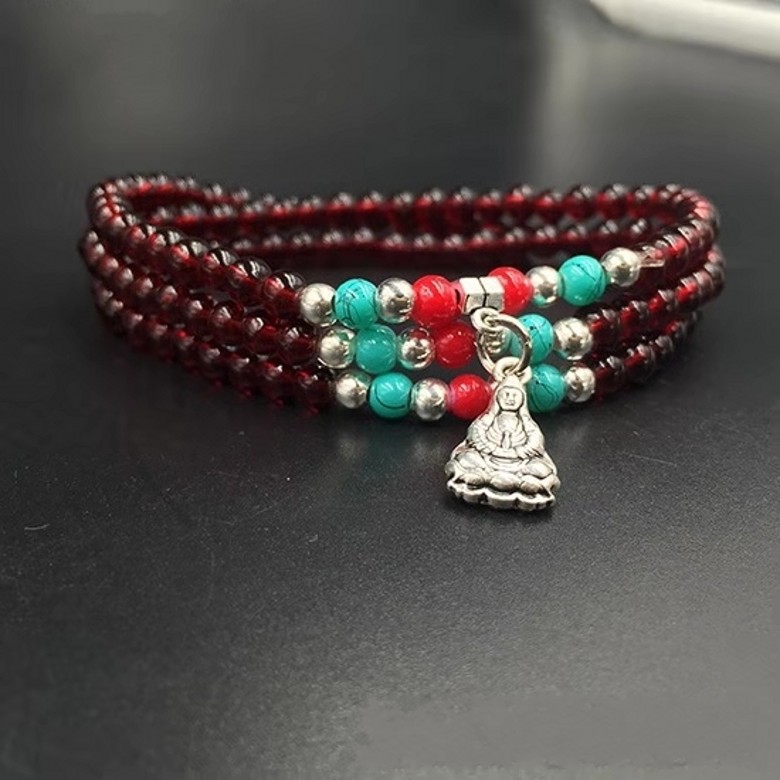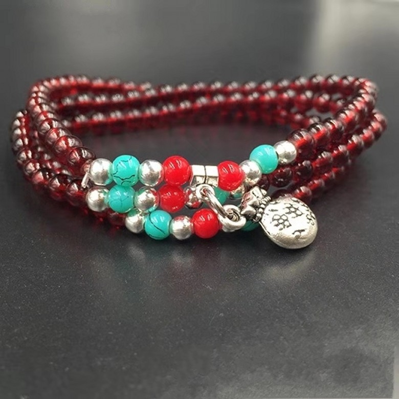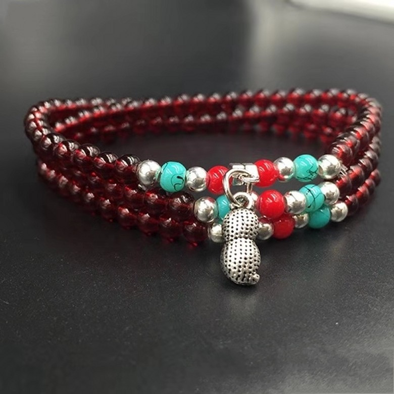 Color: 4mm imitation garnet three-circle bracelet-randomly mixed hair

=====

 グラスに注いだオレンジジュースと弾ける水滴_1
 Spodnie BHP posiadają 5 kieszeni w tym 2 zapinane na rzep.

=====

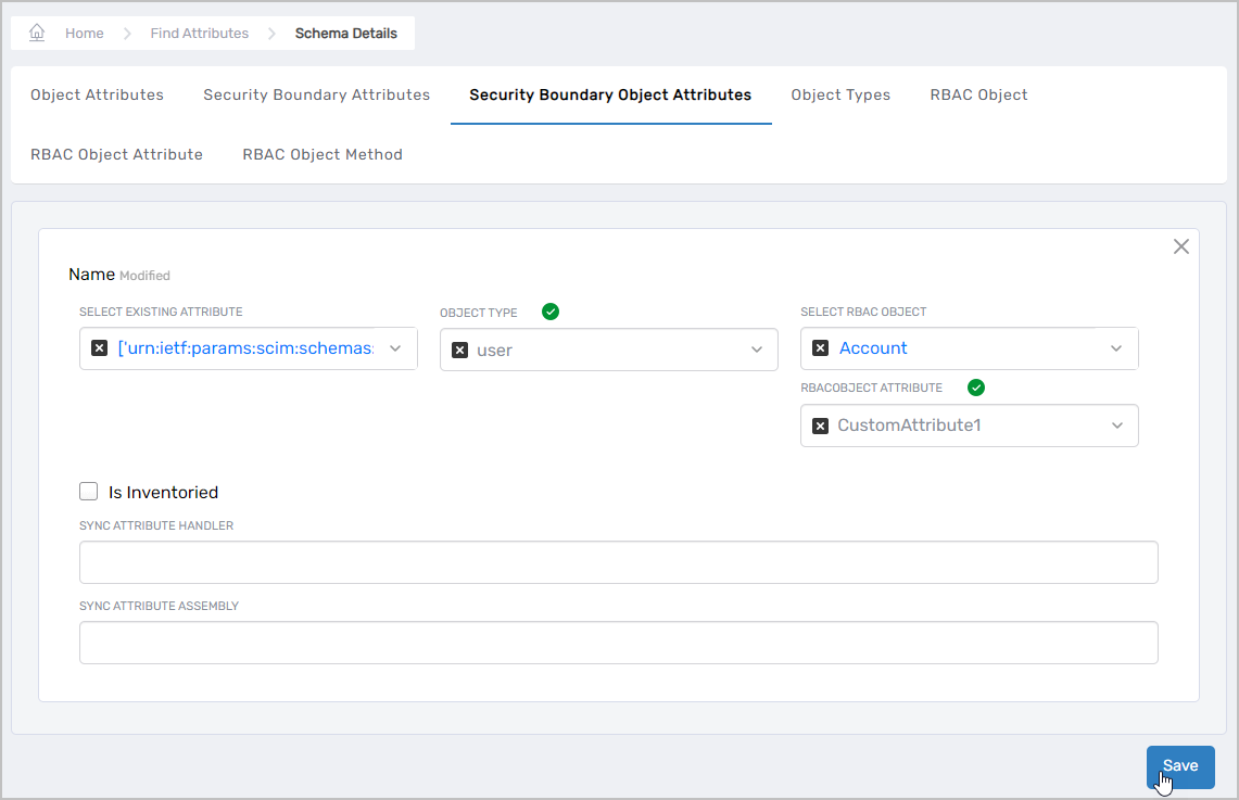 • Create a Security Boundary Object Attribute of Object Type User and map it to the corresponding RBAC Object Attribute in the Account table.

=====

§ Task requirements
Of the lines above, retype only those from the line containing "グラスに注いだオレンジジュースと弾ける水滴_1" through the line containing "Spodnie BHP posiadają", including both, exactly.

§ Expected answer
 グラスに注いだオレンジジュースと弾ける水滴_1
 Spodnie BHP posiadają 5 kieszeni w tym 2 zapinane na rzep.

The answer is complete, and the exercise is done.